Section 4.    Borrowing Base Increase. Subject to the terms of this Amendment, the parties hereto hereby agree that, as of the Effective Date, the Borrowing Base is hereby increased from $700,000,000.00 to $825,000,000.00, and the Borrowing Base shall remain in effect at such amount until the Borrowing Base is redetermined or adjusted in accordance with the Credit Agreement, as amended hereby. The redetermination of the Borrowing Base pursuant to this Section 4 shall constitute the semi-annual Scheduled Redetermination to occur on or about May 1, 2018, as set forth in Section 2.06(b) of the Credit Agreement.

Section 5.    Reallocation of Commitments and Elected Commitments; Increase of Elected Commitments.

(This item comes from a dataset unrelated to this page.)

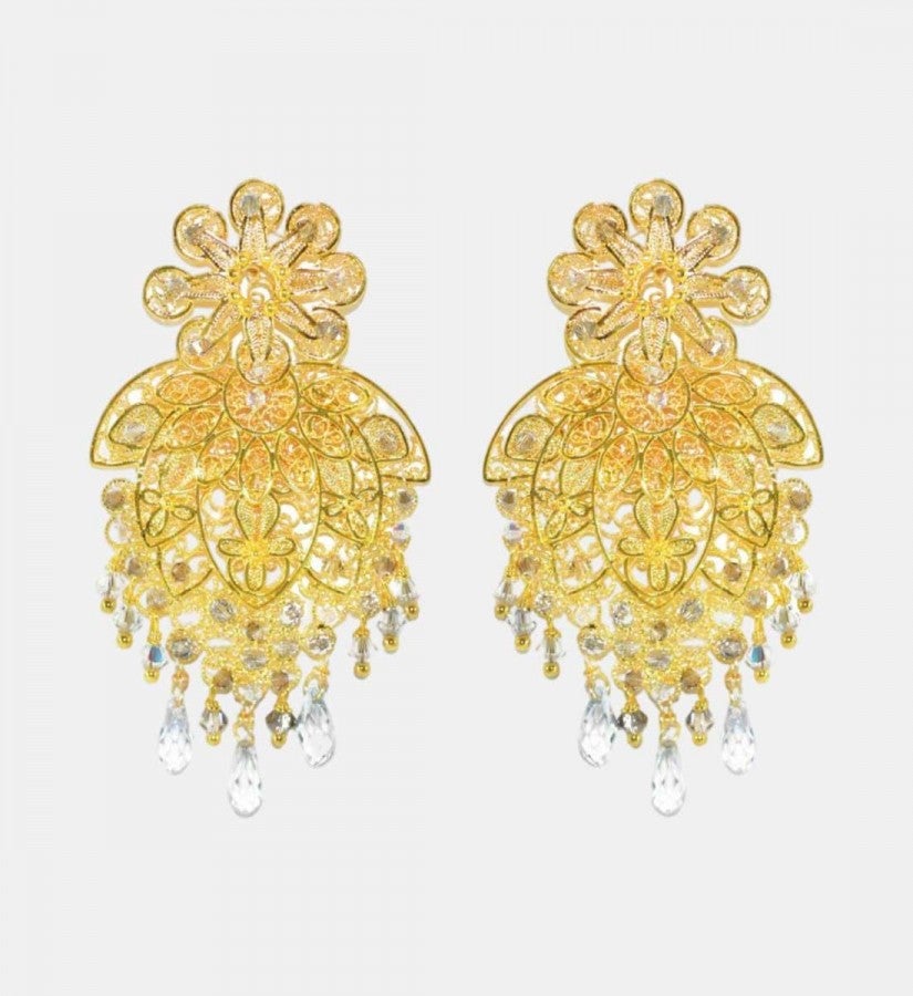 El accesorio que estará en la tienda son un par de aretes de la diseñadora caleña, dueña de la marca. Estos son fabricados a mano con la técnica de la filigrana colombiana, delicadas hebras de oro bordadas y tejidas finamente con cristales de Swarovski. Se caracteriza también por tener un toque moderno de coloridos y brillantes cristales.
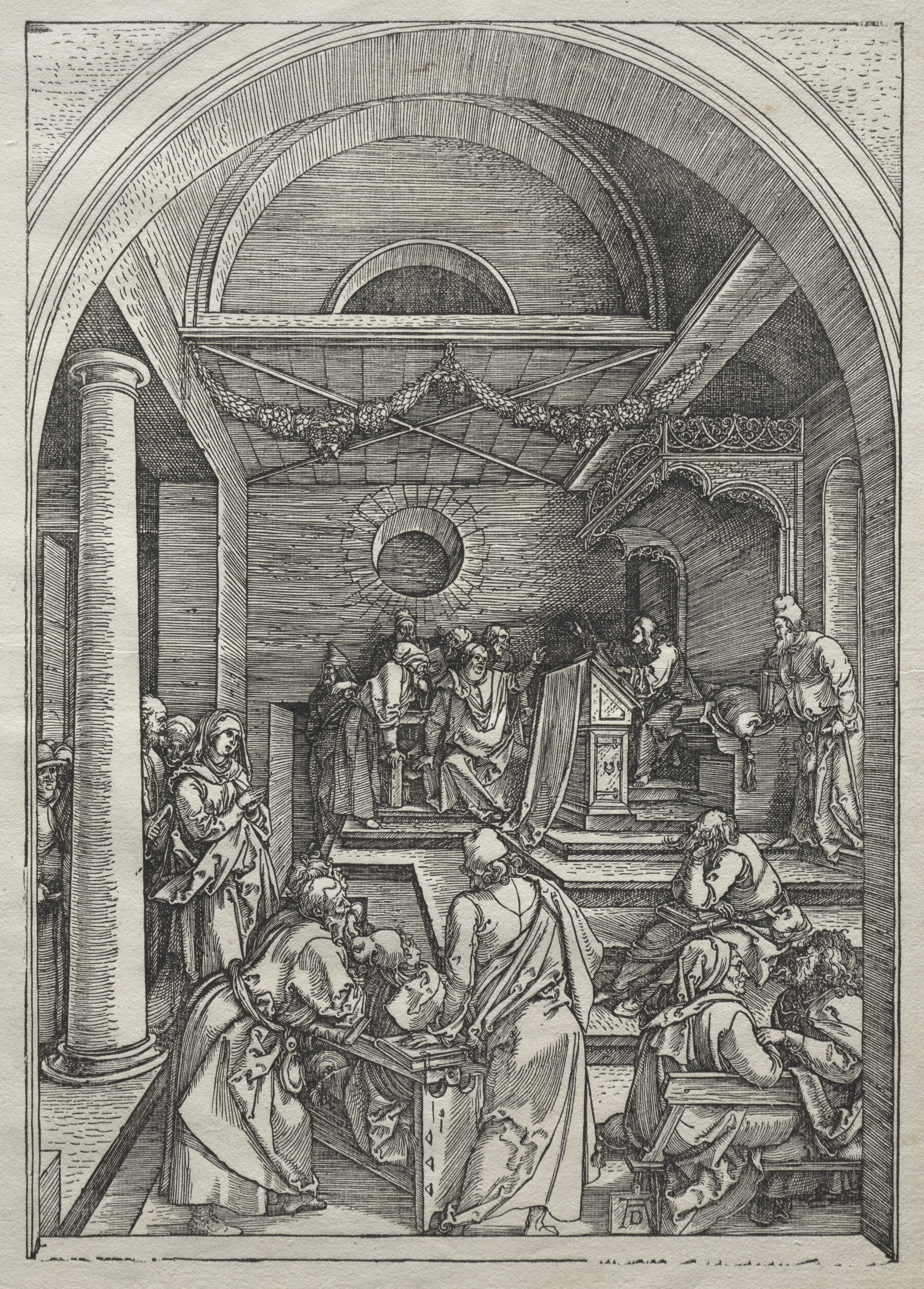 Black and white image of a room with people. The room has stone block walls and vaulted ceiling with ribbed arches. A large archway spans the top of the image. To the left is a column. The room has a tiled floor. There are 13 people in long robes; some sitting and some standing. In the center on a raised platform are 4 people. The child in the center sits on a throne-like chair; he wears a dark cloak. The child holds a scroll in his left hand. The people around the child gesture. The people on the floor write in books or look at the child.

(a)The Lenders have agreed among themselves to, among other things, reallocate the Commitments and the Elected Commitments. Each of the Administrative Agent and the Borrower hereby consents to the reallocation of the Commitments and the Elected Commitments as set forth in this Amendment. The assignments by the Lenders necessary to effect the reallocation of the Commitments and the assumptions by the Lenders necessary for such Lenders to acquire such applicable interests are hereby consummated pursuant to the terms and provisions of this Section 5 and Section 12.04 of the Credit Agreement, and the Borrower, the Administrative Agent, and each Lender hereby consummates such assignment and assumption pursuant to the terms, provisions, and representations of the Assignment and Assumption attached as Exhibit E to the Credit Agreement as if each of them had executed and delivered an Assignment and Assumption (with the Effective Date, as defined therein, being the Effective Date hereof). On the Effective Date and after giving effect to such assignments and assumptions, the Commitments and the Elected Commitments of each Lender shall be as set forth on Schedule 1.2 of the Credit Agreement, as amended by this Amendment. Each Lender hereby consents and agrees to the Commitments and the Elected Commitments as set forth opposite such Lender’s name on Schedule 1.2 to the Credit Agreement, as amended by this Amendment. With respect to the foregoing assignments and assumptions, in the event of any conflict between this Section 5 and Section 12.04 of the Credit Agreement, this Section 5 shall control. For purposes of the foregoing assignments, each of the Lenders represents and warrants that it is not a Defaulting Lender.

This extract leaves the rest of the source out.